Из него вылетают мухи. Обычные, комнатные мухи. Десятки, сотни. Они кружат над ванной, садятся на мёд, на её лицо, на плечи. Она кричит — дико, истерично, зажмуривается, мотает головой. Ей кажется, что это пчёлы. Она чувствует укусы. Их нет, но она чувствует. Потому что мозг дорисовывает то, чего боится.
— Они жалят меня! — орёт она. — Уберите их!
Она бьётся в ванне, разбрызгивая мёд. Мухи взлетают и снова садятся. Её лицо перекошено от ужаса. Она задыхается, захлёбывается мёдом, кричит, плачет. А мухи просто сидят на ней и ползают.
Я смотрю на это ровно десять минут. Потом поворачиваюсь к Корнелиусу.
— Оставляем её здесь. До утра.
— Она может захлебнуться, — замечает Корнелиус.
— Может, — соглашаюсь я. — Тогда я проиграю спор. Но это вряд ли. Она живучая.
Мы выходим. За дверью её крики стихают, превращаются в всхлипы, потом в тихий, постоянный стон.
Я иду в свою комнату. Корнелиус — за мной. Мы поднимаемся по лестнице, проходим мимо портретов предков. В моей комнате — камин, кресло, бутылка виски на столике. Я сажусь, Корнелиус останавливается у двери.
— Сегодня она была… покладистой, — говорит он.

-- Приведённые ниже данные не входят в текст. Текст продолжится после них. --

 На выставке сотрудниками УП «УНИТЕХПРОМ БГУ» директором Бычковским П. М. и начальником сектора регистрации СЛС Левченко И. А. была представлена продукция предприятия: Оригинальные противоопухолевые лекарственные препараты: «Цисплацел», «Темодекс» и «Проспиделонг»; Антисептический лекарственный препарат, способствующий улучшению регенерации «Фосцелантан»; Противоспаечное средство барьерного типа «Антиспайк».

— Она сломлена, — отвечаю я. — Но не до конца. Ещё есть что ломать.
— Завтра продолжим?
— Завтра — да. Но сначала ты сделаешь кое-что.
Корнелиус ждёт.
— Утром, когда будешь отмывать её от мёда, сделай клизму. И влагалище промой. Тщательно. Я не хочу, чтобы она занесла инфекцию. Она умрёт тогда, когда я решу. Не раньше.
— Будет сделано, — кивает Корнелиус.
— И ещё. Вибратор оставь внутри. На завтра. Пусть привыкает.

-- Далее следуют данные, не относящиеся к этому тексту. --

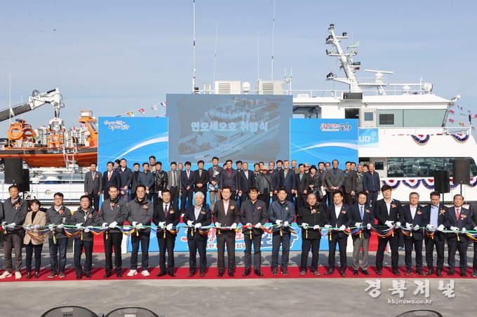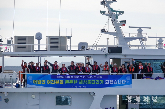 포항시가 어업인들의 안전 조업을 위한 든든한 해상울타리이자 기업투자 유치를 위한 업무협약 공간 등 다목적 활용을 위해 건조한 130톤급 신규 행정선 ‘연오세오호’가 25일 취항식을 갖고 본격적으로 첫 항해를 시작했다.
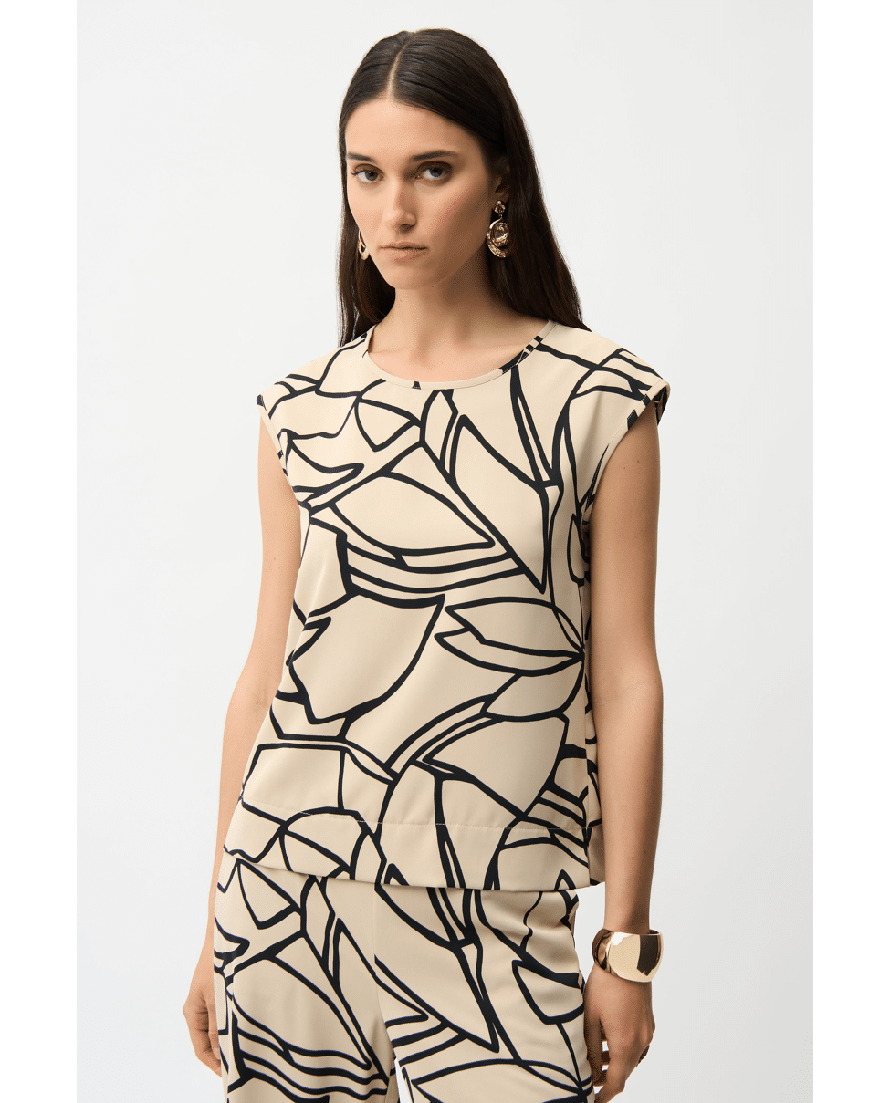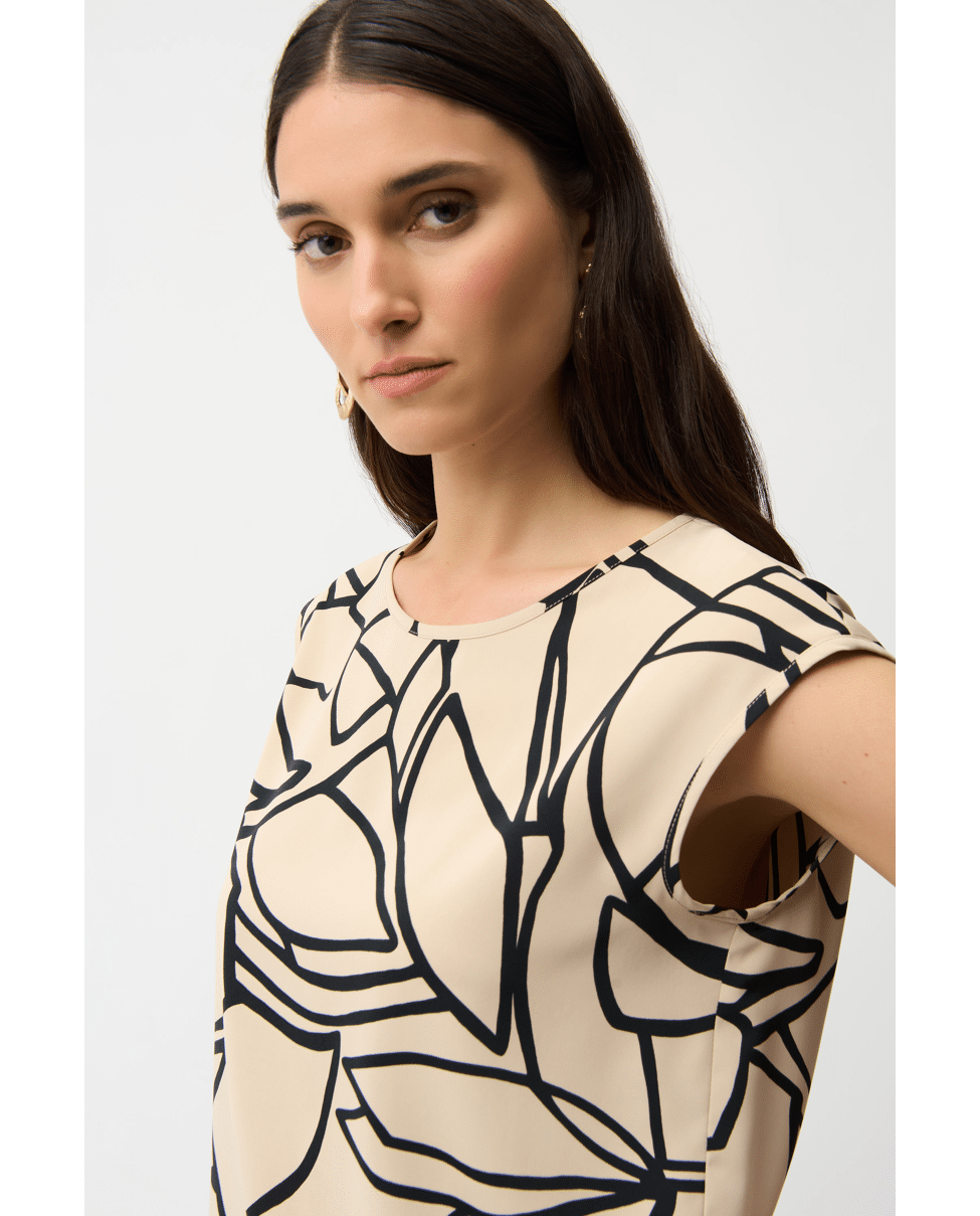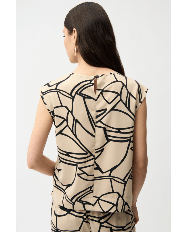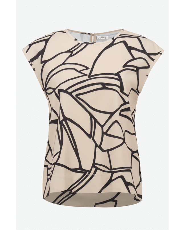 Het abstracte printje geeft deze basic net wat meer karakter – perfect onder een blazer of solo op een zomerse dag.

Корнелиус кивает снова. Он никогда не задаёт лишних вопросов. За это я его и ценю.
Я откидываюсь в кресле, делаю глоток виски. Где-то внизу, в ванной, она кричит. Мухи жужжат. Мёд застывает. Скоро она перестанет кричать — у неё сядет голос, и она будет только хрипеть. Я знаю этот график. Я изучил его за эти дни.
— Как думаешь, сколько ей осталось? — спрашиваю я Корнелиуса.
Он задумывается.
— Две недели. Может, десять дней.
— А я ставлю на три недели, — говорю я. — Она сильнее, чем кажется. И слабее, чем нужно. Это странное сочетание.
— Вы выигрываете, — говорит Корнелиус. — Всегда.
Я усмехаюсь. Встаю, подхожу к окну. За стеклом — ночь, луна, чёрные деревья.
— Знаешь, о чём я думаю? — говорю я. — О том, как Арсений смотрел на неё. Как он верил. Как он думал, что если подождать достаточно долго, она изменится. Она посмотрит на него. Скажет «спасибо». Обнимет.
Я делаю ещё глоток.
— Он ждал три года. Она не изменилась. Она раздавила его птицу. Сожгла его стихи. Утопила его единственную дружбу. А теперь она стоит на коленях и лижет пол. И мне кажется… мне кажется, он бы не хотел на это смотреть.
Корнелиус молчит.
— Но я хочу, — говорю я. — Я буду смотреть. Каждый день. До самого конца.
Я допиваю виски, ставлю бокал на подоконник.
— Спокойной ночи, Корнелиус.
— Спокойной ночи, Майкл.
Он уходит. Я остаюсь один. Внизу — тишина. Она перестала кричать.
Я ложусь спать с улыбкой.
Завтра будет новый день. И она будет жить. Пока я не решу иначе.